# Going to try something I have never tried before.....



## Al33 (Jun 8, 2015)

Despite having made a few self bows and a bunch of river cane arrows with knapped points I have never hunted big game animals with them. A few months back while knapping on some rock I finished a point and while studying it thought; "This thing will kill a bear.". That got me toying with the idea of taking my Osage self bow and a few river cane arrows on my upcoming Canada bear hunt in a few weeks. I wasn't going to commit one way or the other but after finishing a half dozen arrows and shooting them I started liking the idea even more. Not all of the arrows flew well out of my 56# bow but I did end up with three I am confident in. So,.... I am now committed to give this my best effort. Certainly success isn't guaranteed but even if I fail to get my bear I will be glad I at least tried. Who knows, I may get real lucky.

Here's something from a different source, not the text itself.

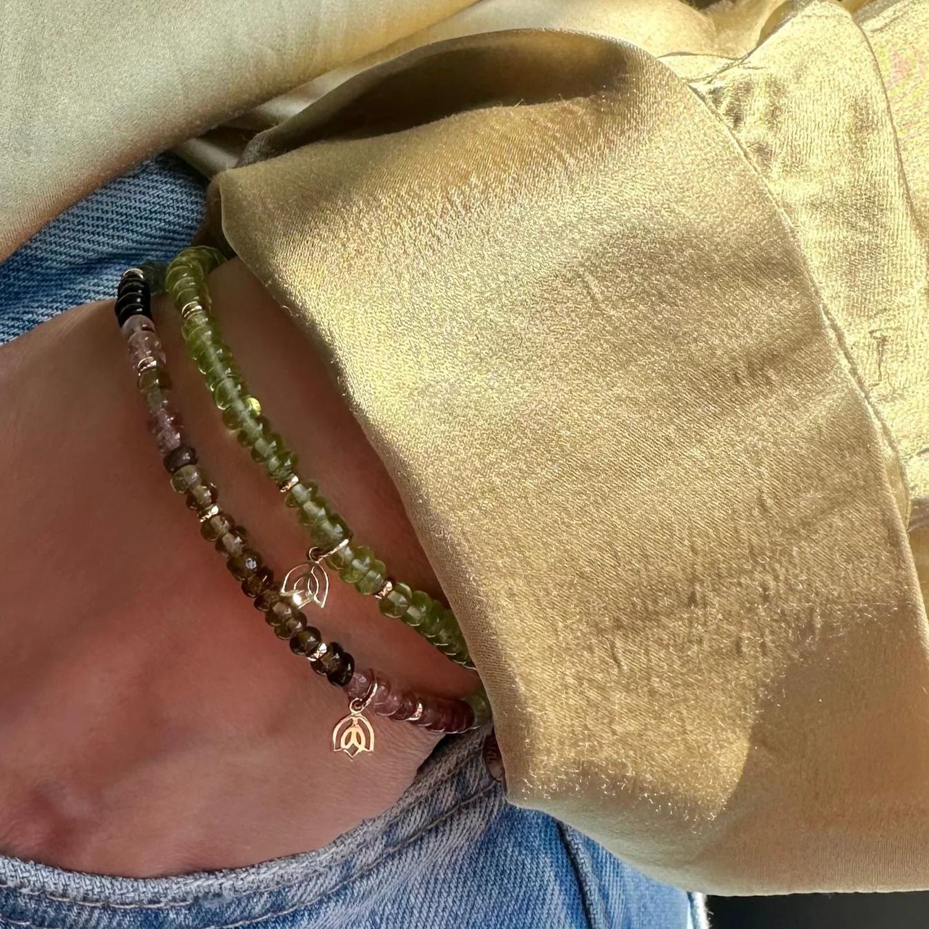 Y&G edelstenen armband met Tourmalijn & 14k goud 10 beads en tulp logo
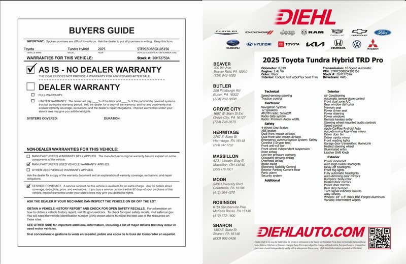 Certified. 2025 Toyota Tundra Hybrid TRD Pro TRD Pro Black CARFAX One-Owner. 20/24 City/Highway MPG

I did not make pitch glue to haft my points, I used JB Weld instead and neither did I use real sinew. I admit I want be hunting totally ABO but close enough for me. 

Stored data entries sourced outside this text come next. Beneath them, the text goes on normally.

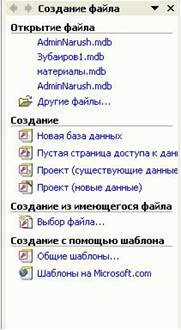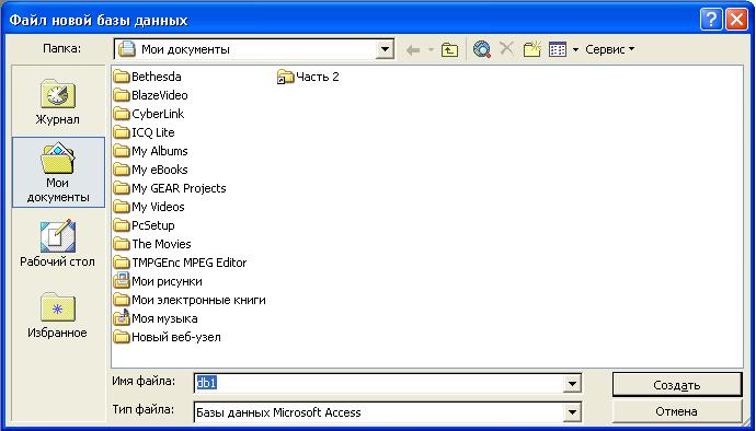 Рис. 5.1. Окно Создание БД Если по какой-либо причине окно не выводится, то следует выполнить команду Файл → Создание или воспользоваться кнопкой создать базу данных на панели инструментов. 2. В окне СОЗДАНИЕ базы данных выбрать закладку Новая база данных. 3. В появившемся окне Файл новая база данных (рис.5.2.) следует выбрать палку для размещения файла (по умолчанию файл будет сохранен в папке Мои документы - воспользуемся ею) или создать свою, затем задать имя файла новой базы данных - СКЛАД и нажать кнопку Создать (тип файла по умолчанию имеет значение База данных, что придает файлу расширение.mdb).
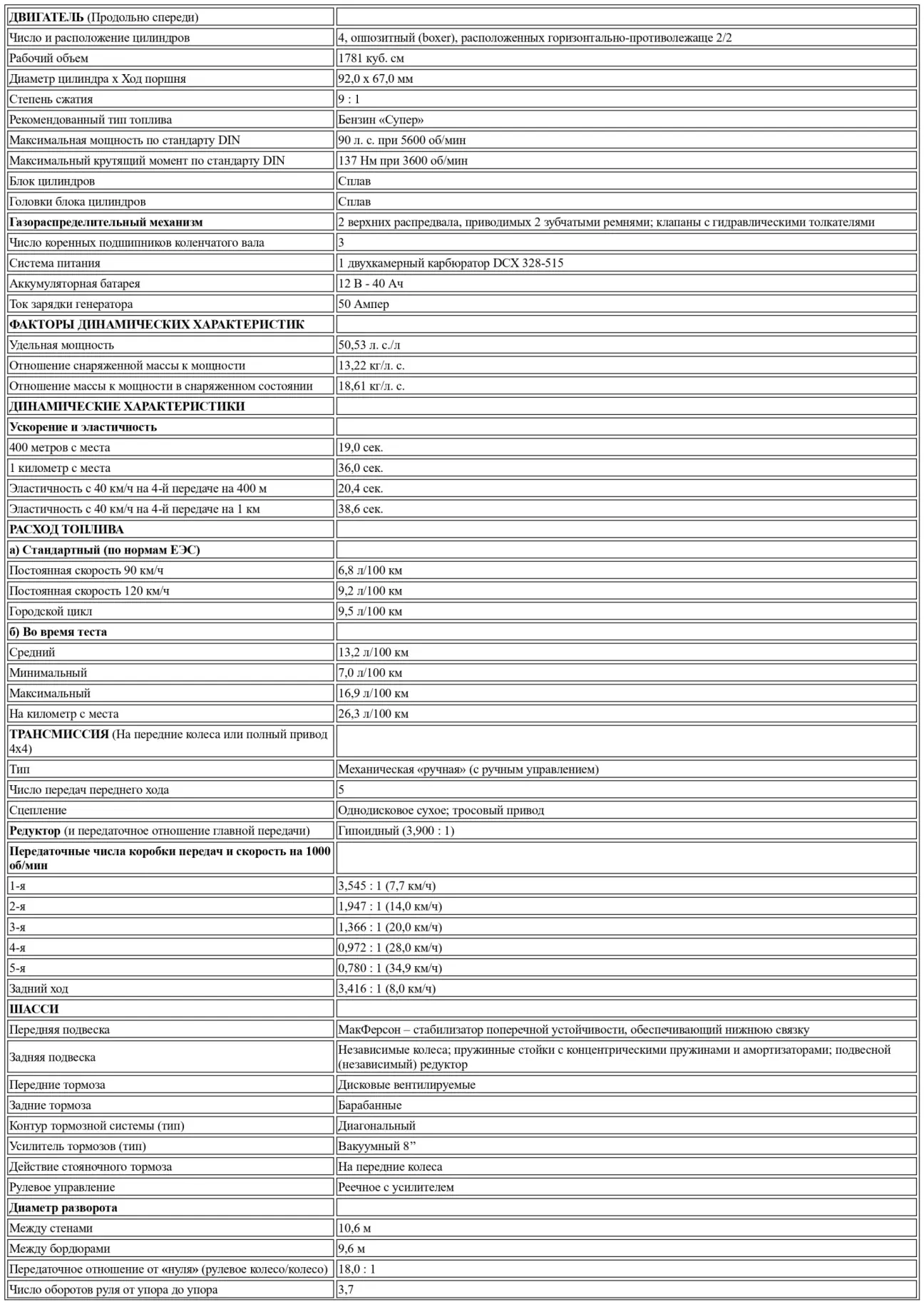 Наши тесты эластичности принесли нам второй сюрприз. Мы ожидали получить в цифрах эффекты эластичности, которая должна была быть. Однако автомобиль, который был у нас в руках, показал себя относительно «динамичным» в самый первый момент, чтобы затем немного потерять свою «энергию», затем снова обрести «блеск» и «задохнуться» при приближении к 5600 об/мин. Таким образом, мы не могли сомневаться в том, что двигатель 1800 является «жертвой» определенной слабости на средних оборотах. Замер мощности на мощностном стенде это подтвердил. Кривые мощности и крутящего момента показывали извилистые изменения, с двумя благоприятными пиками, разделенными между 4000 и 4500 об/мин. Приведем здесь время, полученное во время этих тестов: 20,4 и 38,6 сек для преодоления 400 и 1000 м при старте с 40 км/ч на четвертой передаче (почетные, не более того!) и 22,4 и 43,1 сек на пятой передаче (разочаровывающие для 1800-го). На практике «новый» оппозитный 1800 демонстрирует приятную эластичность. Он терпит самые низкие обороты, на которых он «развивается» без «рывков» и в идеальной бесшумности. Он «исполняет свою работу» со всеми «почестями», но без «блеска». Таким образом, у него есть «очарование»... слишком «скромное».
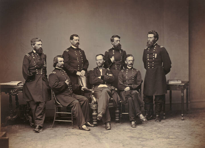 DescriptionImage of seven men dressed in uniforms with matching jackets, four standing and three seated. The man in the center is seated with his jacked unbuttoned and his arms crossed. Figures depicted from left to right: Oliver Otis Howard, John A. Logan, Willaim B. Hazen, William T. Sherman, Jefferson C. Davis, Henry Warner Slocum, and Joseph A. Mower.Exhibition HistoryRotation 5. The Nelson-Atkins Museum of Art, Kansas City, MO, January 15 – July 9, 2009, no cat.
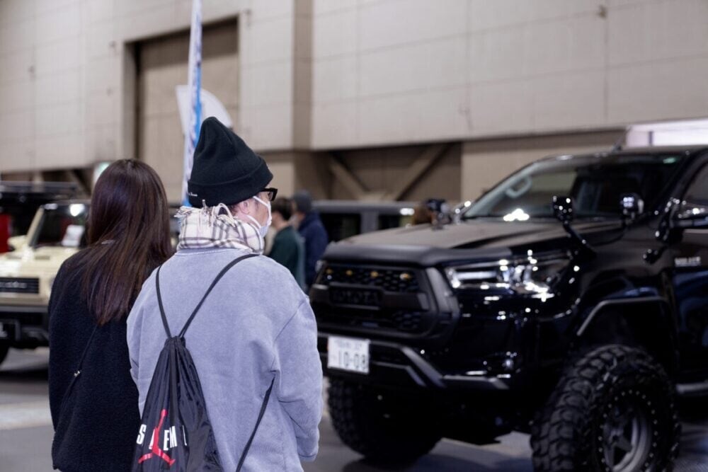 会場に隣接する屋外スペースには、ユーザー車両が100台以上(先着順)並ぶ野外展示場が登場。プロが仕上げたデモカーもいいですが、リアルユーザーの個性的な4WD、SUVは見ているだけでワクワクします。
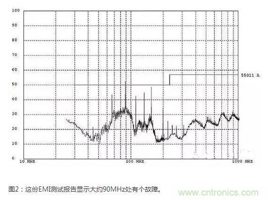 請看圖2所示的EMI測試報告,這份報告顯示大約90MHz處有個故障。

The bow and arrows are now in the hands of Jerry Russell who will be driving to Canada for this hunt. Here are a few pic's of my efforts. The hafting is not real pretty but functional.


----------



## sawtooth (Jun 8, 2015)

That's awesome AL.   best of luck man.


----------



## oops1 (Jun 8, 2015)

That's awesome.. You're more brave than I. Hope you're successful.


----------



## dm/wolfskin (Jun 8, 2015)

When do you go?


----------



## dpoole (Jun 8, 2015)

that will get the job done looking forward to your trophy pictures ,,


----------



## longbowdave1 (Jun 8, 2015)

Best of luck to you on your bear hunt Al, and I hope Jerry has another fine guiding season as well.


----------



## AllAmerican (Jun 8, 2015)

Good luck.  Hope you get a nice rug!


----------



## SELFBOW (Jun 8, 2015)

Sweet! 
Hope it works out for you. Its fun and also can test your nerves.

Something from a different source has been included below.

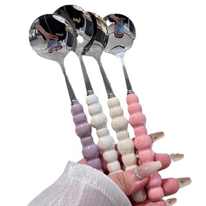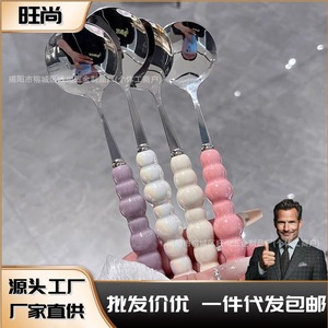 创意不锈钢勺子可爱四色珍珠手柄高颜值少女心圆勺家用甜品勺
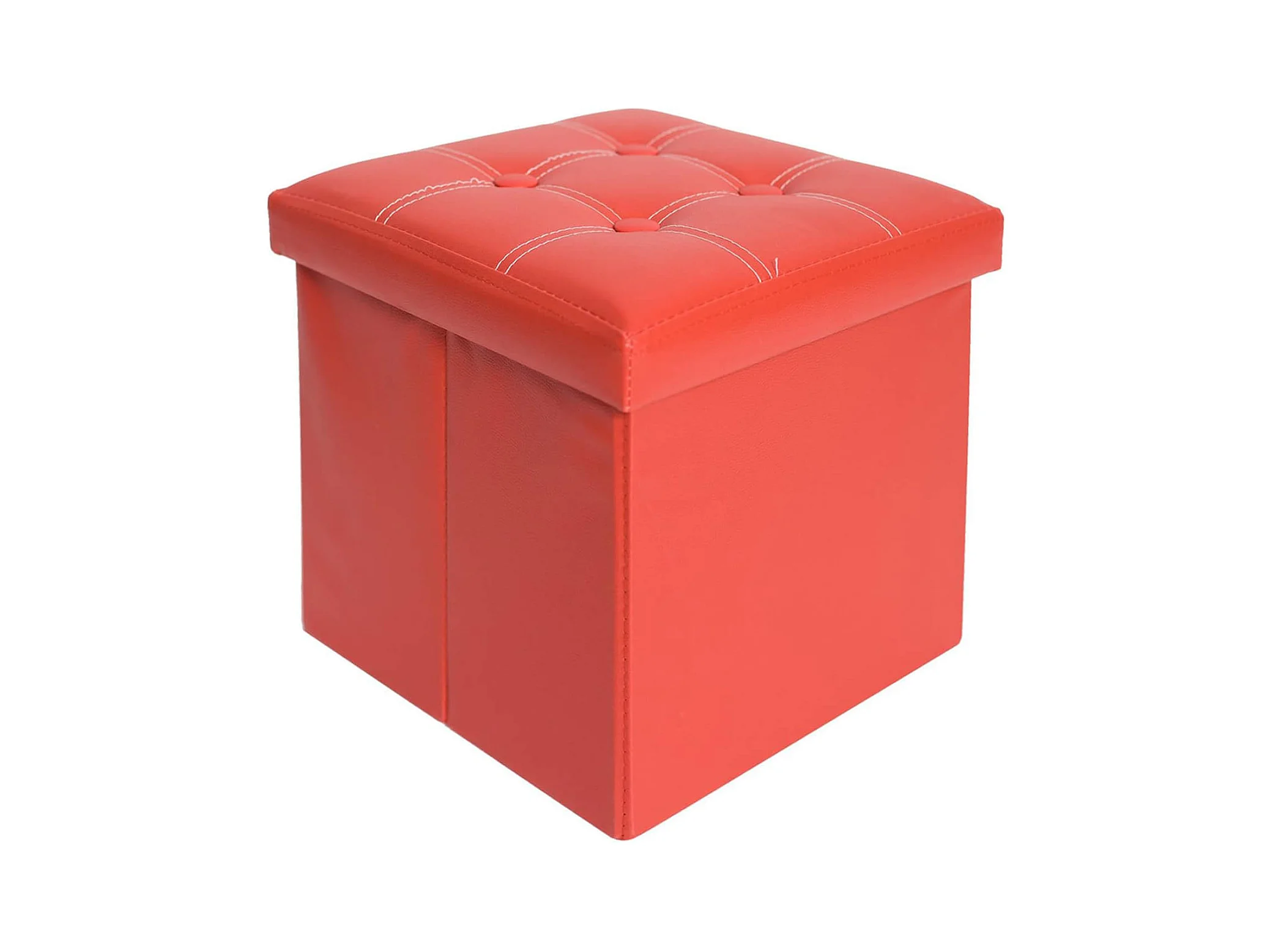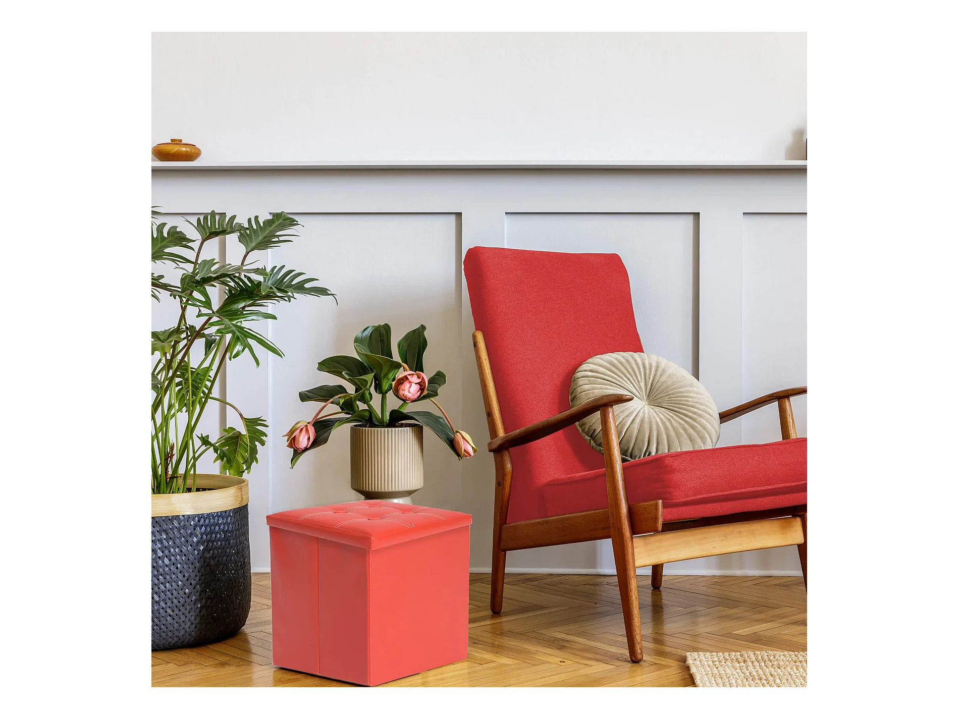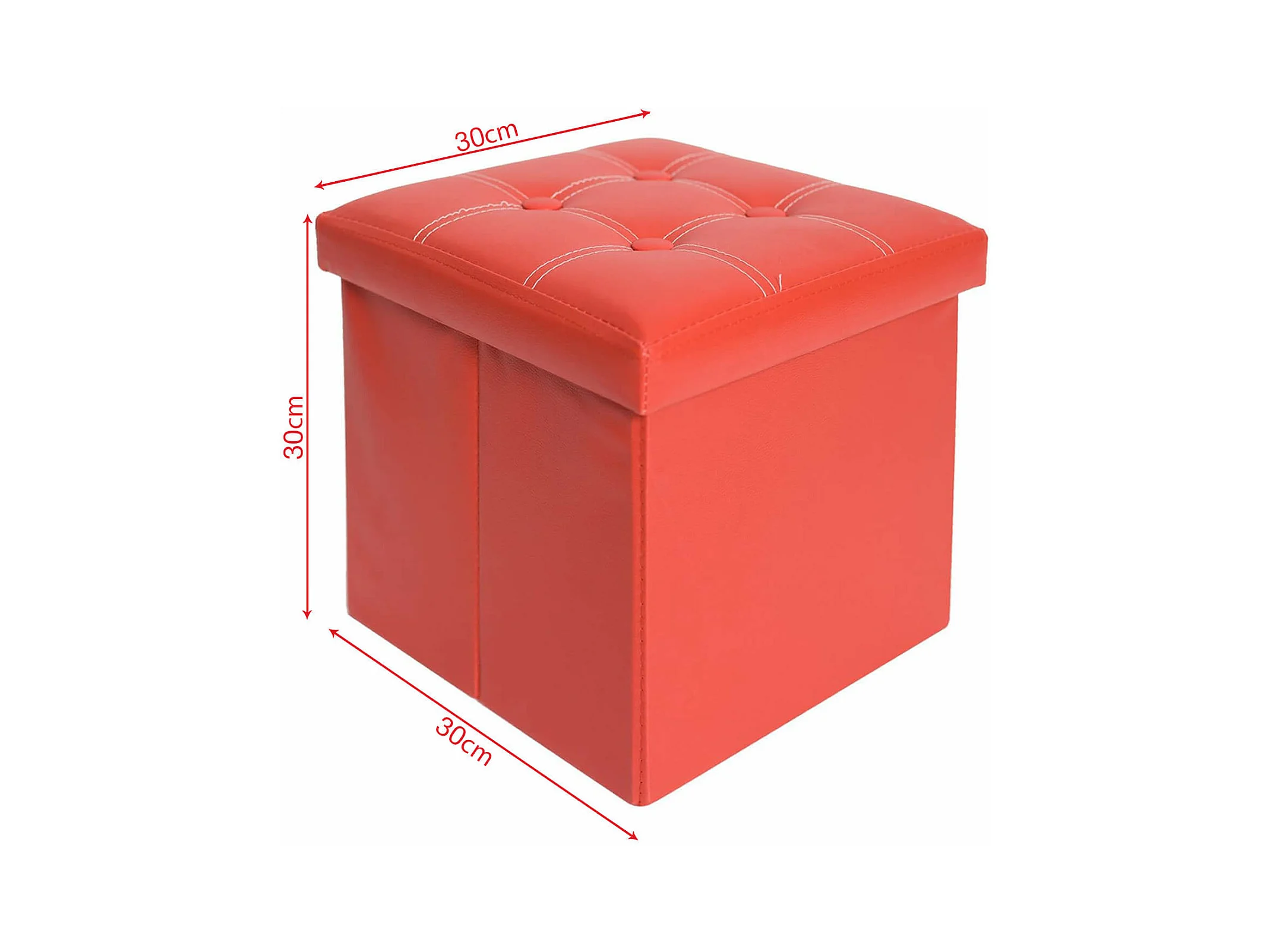 Mobili Rebecca Pouf Cubo Contenitore Rosso Puff Sgabello Ecopelle 30x30x30

That second point I hope has a smooth transition. It doesn't look that way from that angle.


----------



## jerry russell (Jun 8, 2015)

This is going to be cool.  We will get this thing done.


----------



## charlie 2 arrow (Jun 8, 2015)

Good luck Al! I don't have a doubt in my mind you'll get er dun! Can't wait to hear the tale & see your hero pics!


----------



## Clipper (Jun 8, 2015)

I really like the edge on that point in the first picture.  It looks downright deadly.  Good luck on your hunt - glad you are getting to go.


----------



## Bucky T (Jun 9, 2015)

Very Nice!


----------



## Barry Duggan (Jun 9, 2015)

Wheweeee, with all this Bruce/Caitlin thang going on, you scared me there for a minute Al.


----------



## 2wheelfoster (Jun 10, 2015)

Good luck Al!


----------



## Blueridge (Jun 10, 2015)

looks good Al. Will get to see him up close and personal after you get this done.


----------



## rapid fire (Jun 10, 2015)

You can do this Mr. Al.  Wishing you the best.


----------



## TNGIRL (Jun 10, 2015)

WTG!!!!! another Al Chapman adventure, we get to go on with you!!!!! Looking forward to pics and stories!


----------



## Tikki (Jun 11, 2015)

That is what I like about you Al! Always creative. Go Big or Go Home!!!


----------



## Todd Cook (Jun 11, 2015)

Man those look good! I can't wait to see the results.After watching you shoot that selfbow the other day, I think them bears are in trouble.


----------



## gurn (Jun 14, 2015)

Focus and stick em Al


----------



## Larry Young Jr (Jun 16, 2015)

Those look awesome. Ill get see them up close in camp. Will and I heading up Friday am see yaw at hotel the night before we go to camp.


----------



## pnome (Jun 16, 2015)

Good luck Al!!


----------



## Al33 (Jun 16, 2015)

Larry Young Jr said:


> Those look awesome. Ill get see them up close in camp. Will and I heading up Friday am see yaw at hotel the night before we go to camp.



Good deal Larry, looking forward to seeing you again. Give my best to your dad please.

Thanks all for the well wishes, I am pretty much all packed up. Got some meds today which will hopefully help me pass a kidney stone and some good pain meds in case they don't.


----------



## Al33 (Jun 20, 2015)

About to taxi to the runway for take off. Pumped.


----------



## pine nut (Jun 20, 2015)

Best of luck Al.  Get a bigun!


----------



## dpoole (Jun 25, 2015)

well what is the story ???


----------



## Al33 (Jun 27, 2015)

Well, three in our group of five got bears but I did not. I had a fantastic time and hope I can do it again. Details to come later I hope.


----------